**Stored data**
•••
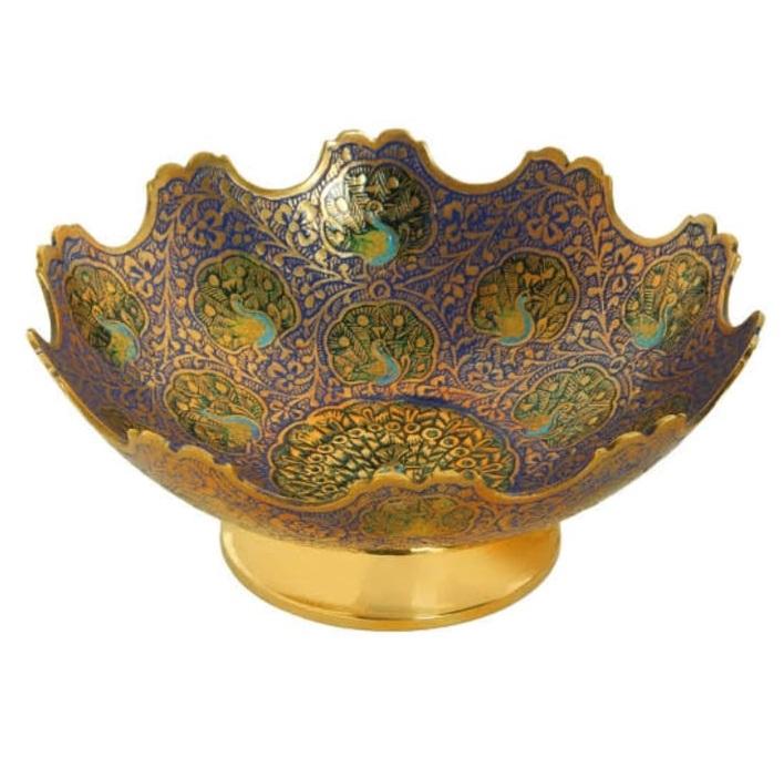 ชามเคลือบทองสำหรับเสิร์ฟ ป๊อปคอร์น ชามทรงกลมเพ้นท์ลายด้วยมือ คุณภาพเยี่ยม สำหรับงานจัดเลี้ยง
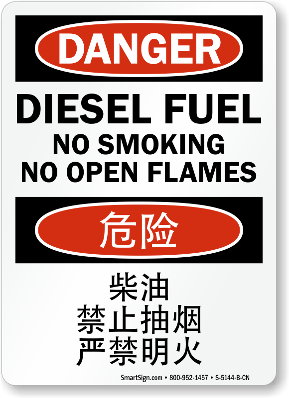 Prevent the chance of accidents and prohibit employees from smoking around the diesel fuel. For a workforce that communicates in English and/or Chinese, deploy this Bilingual OSHA Danger sign.
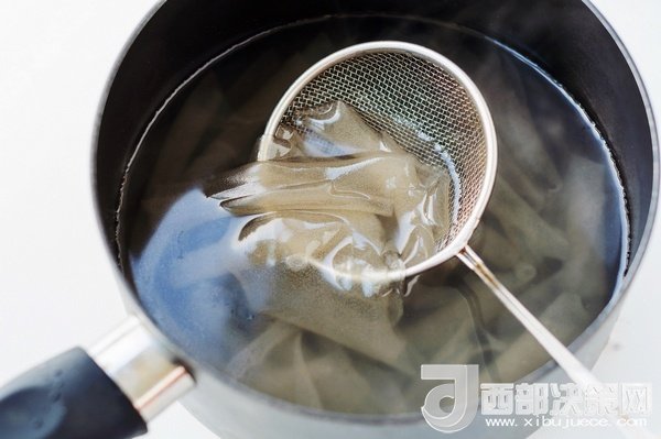 煮鍋里水燒到冒小泡時,把粉皮放進煮鍋焯燙到粉皮柔軟透明。
•••
**Work item**
Copy out the lines above in full and unaltered, apart from the pictures.

**Reply**
 ชามเคลือบทองสำหรับเสิร์ฟ ป๊อปคอร์น ชามทรงกลมเพ้นท์ลายด้วยมือ คุณภาพเยี่ยม สำหรับงานจัดเลี้ยง
 Prevent the chance of accidents and prohibit employees from smoking around the diesel fuel. For a workforce that communicates in English and/or Chinese, deploy this Bilingual OSHA Danger sign.
 煮鍋里水燒到冒小泡時,把粉皮放進煮鍋焯燙到粉皮柔軟透明。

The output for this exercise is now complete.